Among the entries below, the lines from the one with "藍(lán)天之上,轟鳴聲持" up to and including the one with "Al cumplirse 200" are to be restated exactly, without pictures.

RECORDS TO PROCESS
..............................

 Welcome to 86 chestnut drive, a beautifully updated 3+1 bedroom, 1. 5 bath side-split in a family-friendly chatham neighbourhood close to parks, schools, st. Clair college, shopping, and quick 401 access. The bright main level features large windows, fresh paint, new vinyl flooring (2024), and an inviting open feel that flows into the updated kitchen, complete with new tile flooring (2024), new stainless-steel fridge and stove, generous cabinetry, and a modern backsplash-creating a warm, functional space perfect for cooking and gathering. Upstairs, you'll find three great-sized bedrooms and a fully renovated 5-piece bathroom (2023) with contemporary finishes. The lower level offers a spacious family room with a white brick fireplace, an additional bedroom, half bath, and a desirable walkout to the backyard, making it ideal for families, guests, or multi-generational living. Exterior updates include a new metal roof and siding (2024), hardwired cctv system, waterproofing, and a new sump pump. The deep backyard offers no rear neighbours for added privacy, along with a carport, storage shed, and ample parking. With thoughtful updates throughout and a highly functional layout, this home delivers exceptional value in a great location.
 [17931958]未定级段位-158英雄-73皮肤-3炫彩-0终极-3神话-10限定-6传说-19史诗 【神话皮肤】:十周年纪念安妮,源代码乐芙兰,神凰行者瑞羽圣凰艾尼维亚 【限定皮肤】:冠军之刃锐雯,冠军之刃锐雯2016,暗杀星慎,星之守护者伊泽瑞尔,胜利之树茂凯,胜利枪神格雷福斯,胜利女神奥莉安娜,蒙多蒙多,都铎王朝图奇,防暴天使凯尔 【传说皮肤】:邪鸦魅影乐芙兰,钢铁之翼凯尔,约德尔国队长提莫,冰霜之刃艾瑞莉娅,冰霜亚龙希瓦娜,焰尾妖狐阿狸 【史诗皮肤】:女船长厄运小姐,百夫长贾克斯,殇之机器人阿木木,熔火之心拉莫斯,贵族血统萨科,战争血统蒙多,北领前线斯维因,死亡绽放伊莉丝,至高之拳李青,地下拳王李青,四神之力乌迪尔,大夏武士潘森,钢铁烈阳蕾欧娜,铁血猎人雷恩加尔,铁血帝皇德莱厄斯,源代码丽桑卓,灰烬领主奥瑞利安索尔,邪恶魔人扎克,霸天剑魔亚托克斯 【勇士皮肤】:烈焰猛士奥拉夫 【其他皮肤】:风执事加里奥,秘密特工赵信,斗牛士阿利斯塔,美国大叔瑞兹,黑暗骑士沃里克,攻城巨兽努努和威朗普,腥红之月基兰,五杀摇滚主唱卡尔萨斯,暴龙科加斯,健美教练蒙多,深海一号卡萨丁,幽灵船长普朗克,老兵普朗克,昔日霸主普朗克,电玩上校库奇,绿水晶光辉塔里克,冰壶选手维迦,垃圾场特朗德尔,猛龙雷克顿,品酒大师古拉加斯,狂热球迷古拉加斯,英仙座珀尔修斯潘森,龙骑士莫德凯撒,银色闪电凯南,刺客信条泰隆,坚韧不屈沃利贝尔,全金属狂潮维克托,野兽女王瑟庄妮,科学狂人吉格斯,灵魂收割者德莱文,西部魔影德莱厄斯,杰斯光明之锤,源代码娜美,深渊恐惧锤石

..............................

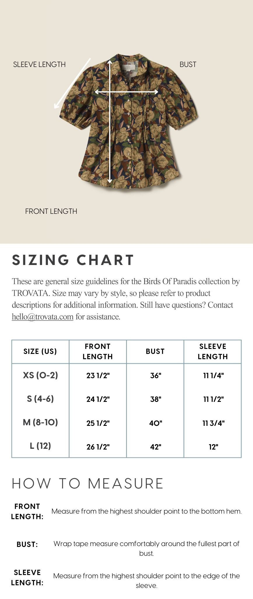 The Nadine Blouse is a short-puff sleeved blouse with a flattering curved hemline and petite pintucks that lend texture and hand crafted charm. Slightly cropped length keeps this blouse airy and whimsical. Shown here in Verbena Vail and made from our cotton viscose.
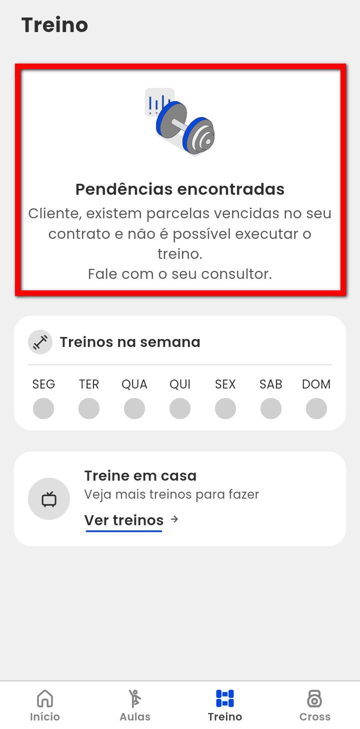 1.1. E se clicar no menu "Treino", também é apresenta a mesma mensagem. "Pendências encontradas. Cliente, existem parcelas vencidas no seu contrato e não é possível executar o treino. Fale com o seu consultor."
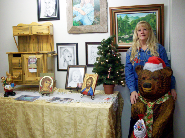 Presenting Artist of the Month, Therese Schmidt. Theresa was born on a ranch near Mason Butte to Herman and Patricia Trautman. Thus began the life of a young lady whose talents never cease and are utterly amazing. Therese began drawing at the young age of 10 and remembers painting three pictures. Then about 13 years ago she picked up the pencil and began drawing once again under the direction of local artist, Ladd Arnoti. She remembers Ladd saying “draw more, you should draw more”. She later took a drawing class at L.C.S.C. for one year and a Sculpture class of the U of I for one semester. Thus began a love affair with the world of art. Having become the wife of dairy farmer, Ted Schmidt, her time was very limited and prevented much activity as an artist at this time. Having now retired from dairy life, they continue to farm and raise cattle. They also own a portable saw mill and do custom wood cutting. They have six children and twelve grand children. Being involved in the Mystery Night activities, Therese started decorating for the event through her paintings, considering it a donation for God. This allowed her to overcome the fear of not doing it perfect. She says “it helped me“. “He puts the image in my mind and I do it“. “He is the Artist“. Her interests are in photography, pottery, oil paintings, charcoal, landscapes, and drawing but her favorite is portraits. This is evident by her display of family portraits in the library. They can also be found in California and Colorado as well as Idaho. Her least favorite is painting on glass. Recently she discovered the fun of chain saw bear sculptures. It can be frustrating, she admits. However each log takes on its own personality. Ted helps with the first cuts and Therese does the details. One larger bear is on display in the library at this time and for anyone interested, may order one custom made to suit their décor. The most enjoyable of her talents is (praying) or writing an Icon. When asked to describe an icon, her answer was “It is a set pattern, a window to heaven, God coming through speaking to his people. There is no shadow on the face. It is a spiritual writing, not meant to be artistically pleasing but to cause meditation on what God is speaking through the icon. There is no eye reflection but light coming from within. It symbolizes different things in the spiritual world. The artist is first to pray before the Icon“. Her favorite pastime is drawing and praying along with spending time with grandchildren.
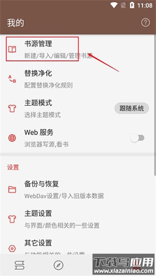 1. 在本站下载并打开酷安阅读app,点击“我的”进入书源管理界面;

..............................

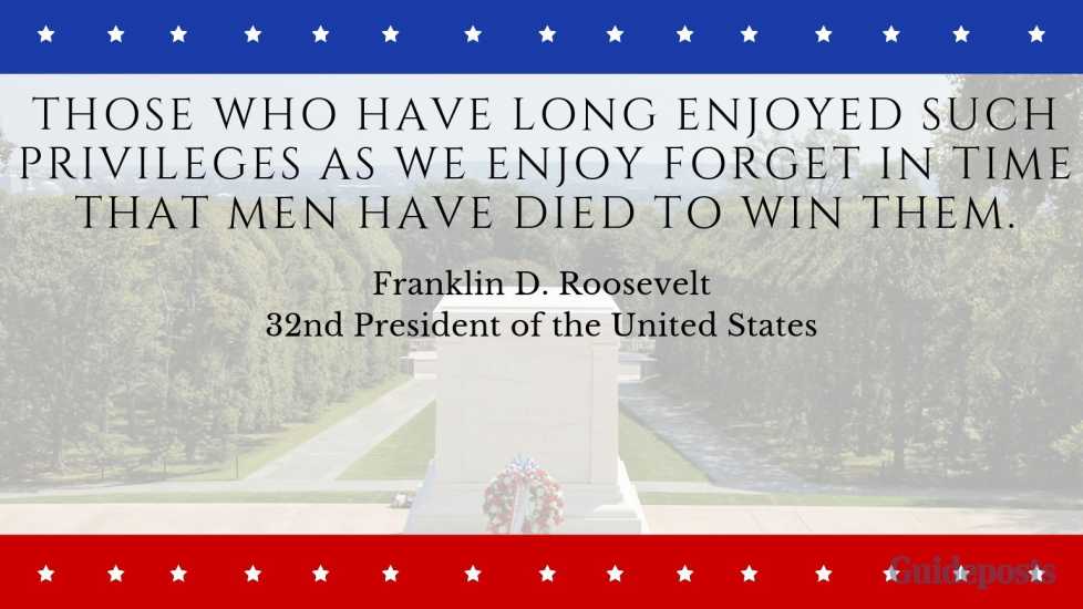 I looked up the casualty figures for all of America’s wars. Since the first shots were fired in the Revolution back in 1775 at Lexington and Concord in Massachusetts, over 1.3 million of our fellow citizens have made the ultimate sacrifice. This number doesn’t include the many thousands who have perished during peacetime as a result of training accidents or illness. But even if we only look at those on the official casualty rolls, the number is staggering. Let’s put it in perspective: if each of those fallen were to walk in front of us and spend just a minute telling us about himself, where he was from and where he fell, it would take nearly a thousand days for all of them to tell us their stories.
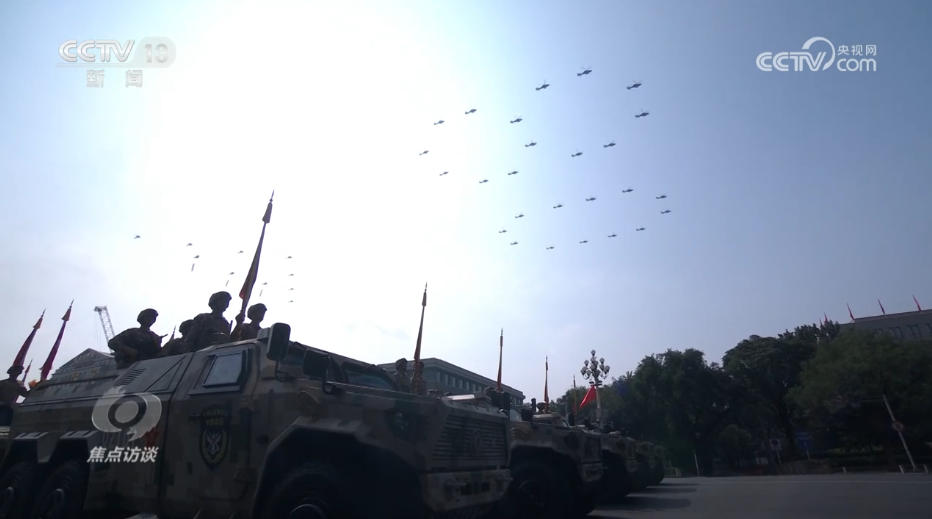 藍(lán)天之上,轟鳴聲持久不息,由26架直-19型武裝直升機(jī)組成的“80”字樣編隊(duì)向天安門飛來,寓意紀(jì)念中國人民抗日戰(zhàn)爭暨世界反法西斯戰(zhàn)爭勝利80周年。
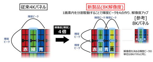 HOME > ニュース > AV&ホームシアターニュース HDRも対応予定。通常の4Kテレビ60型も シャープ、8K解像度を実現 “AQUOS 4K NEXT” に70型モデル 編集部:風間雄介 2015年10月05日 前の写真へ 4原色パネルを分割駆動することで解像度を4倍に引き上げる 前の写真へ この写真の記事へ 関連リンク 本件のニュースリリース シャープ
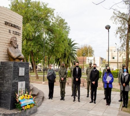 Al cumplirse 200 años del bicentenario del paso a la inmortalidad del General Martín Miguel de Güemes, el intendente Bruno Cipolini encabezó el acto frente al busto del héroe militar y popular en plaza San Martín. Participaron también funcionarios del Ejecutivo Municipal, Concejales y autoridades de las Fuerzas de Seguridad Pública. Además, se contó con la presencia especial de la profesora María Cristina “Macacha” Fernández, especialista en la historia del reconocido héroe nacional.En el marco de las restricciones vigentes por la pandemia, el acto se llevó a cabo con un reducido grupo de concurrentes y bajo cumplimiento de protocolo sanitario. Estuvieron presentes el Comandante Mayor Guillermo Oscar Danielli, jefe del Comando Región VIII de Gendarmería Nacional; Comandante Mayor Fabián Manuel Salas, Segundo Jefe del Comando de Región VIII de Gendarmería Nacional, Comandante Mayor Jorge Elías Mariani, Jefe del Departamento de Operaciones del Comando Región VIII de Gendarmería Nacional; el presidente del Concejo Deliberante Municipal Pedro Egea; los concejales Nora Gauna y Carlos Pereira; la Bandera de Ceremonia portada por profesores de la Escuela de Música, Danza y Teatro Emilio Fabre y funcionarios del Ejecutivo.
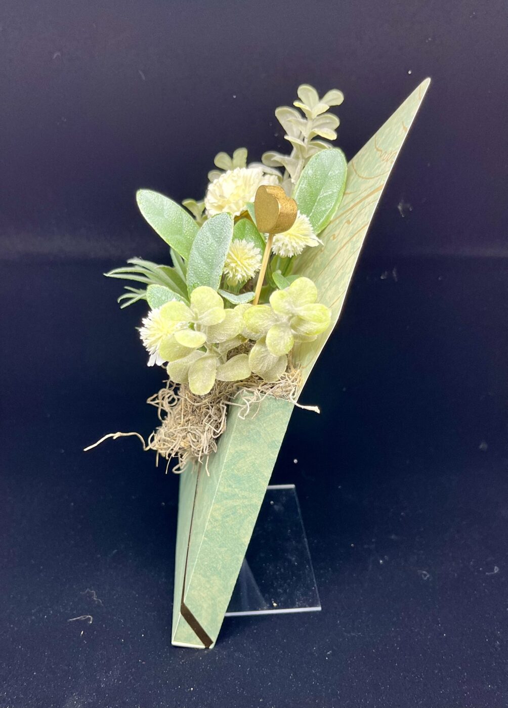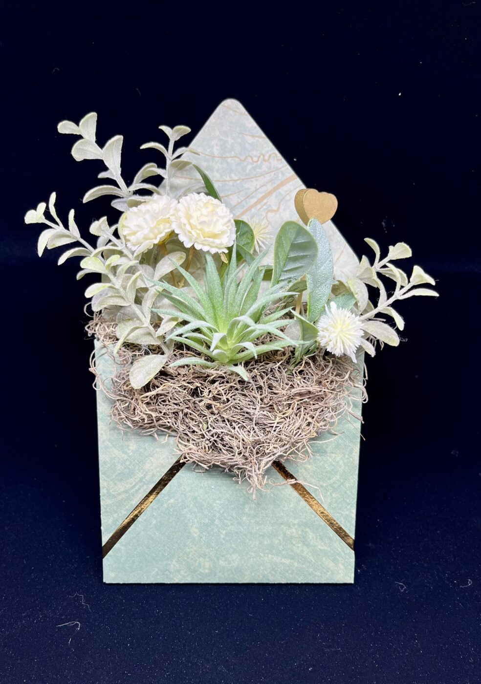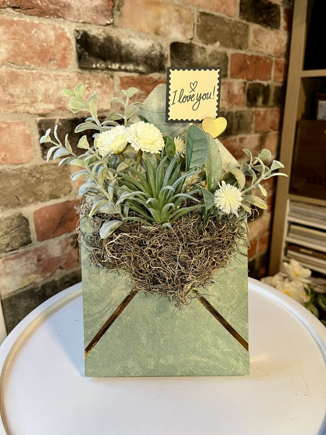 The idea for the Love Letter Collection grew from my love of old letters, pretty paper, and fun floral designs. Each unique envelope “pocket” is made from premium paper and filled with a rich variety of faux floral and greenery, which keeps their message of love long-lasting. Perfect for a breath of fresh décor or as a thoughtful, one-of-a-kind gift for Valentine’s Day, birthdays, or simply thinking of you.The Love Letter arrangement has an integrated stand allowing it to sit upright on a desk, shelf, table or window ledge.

..............................

TASK SOLUTION
 藍(lán)天之上,轟鳴聲持久不息,由26架直-19型武裝直升機(jī)組成的“80”字樣編隊(duì)向天安門飛來,寓意紀(jì)念中國人民抗日戰(zhàn)爭暨世界反法西斯戰(zhàn)爭勝利80周年。
 HOME > ニュース > AV&ホームシアターニュース HDRも対応予定。通常の4Kテレビ60型も シャープ、8K解像度を実現 “AQUOS 4K NEXT” に70型モデル 編集部:風間雄介 2015年10月05日 前の写真へ 4原色パネルを分割駆動することで解像度を4倍に引き上げる 前の写真へ この写真の記事へ 関連リンク 本件のニュースリリース シャープ
 Al cumplirse 200 años del bicentenario del paso a la inmortalidad del General Martín Miguel de Güemes, el intendente Bruno Cipolini encabezó el acto frente al busto del héroe militar y popular en plaza San Martín. Participaron también funcionarios del Ejecutivo Municipal, Concejales y autoridades de las Fuerzas de Seguridad Pública. Además, se contó con la presencia especial de la profesora María Cristina “Macacha” Fernández, especialista en la historia del reconocido héroe nacional.En el marco de las restricciones vigentes por la pandemia, el acto se llevó a cabo con un reducido grupo de concurrentes y bajo cumplimiento de protocolo sanitario. Estuvieron presentes el Comandante Mayor Guillermo Oscar Danielli, jefe del Comando Región VIII de Gendarmería Nacional; Comandante Mayor Fabián Manuel Salas, Segundo Jefe del Comando de Región VIII de Gendarmería Nacional, Comandante Mayor Jorge Elías Mariani, Jefe del Departamento de Operaciones del Comando Región VIII de Gendarmería Nacional; el presidente del Concejo Deliberante Municipal Pedro Egea; los concejales Nora Gauna y Carlos Pereira; la Bandera de Ceremonia portada por profesores de la Escuela de Música, Danza y Teatro Emilio Fabre y funcionarios del Ejecutivo.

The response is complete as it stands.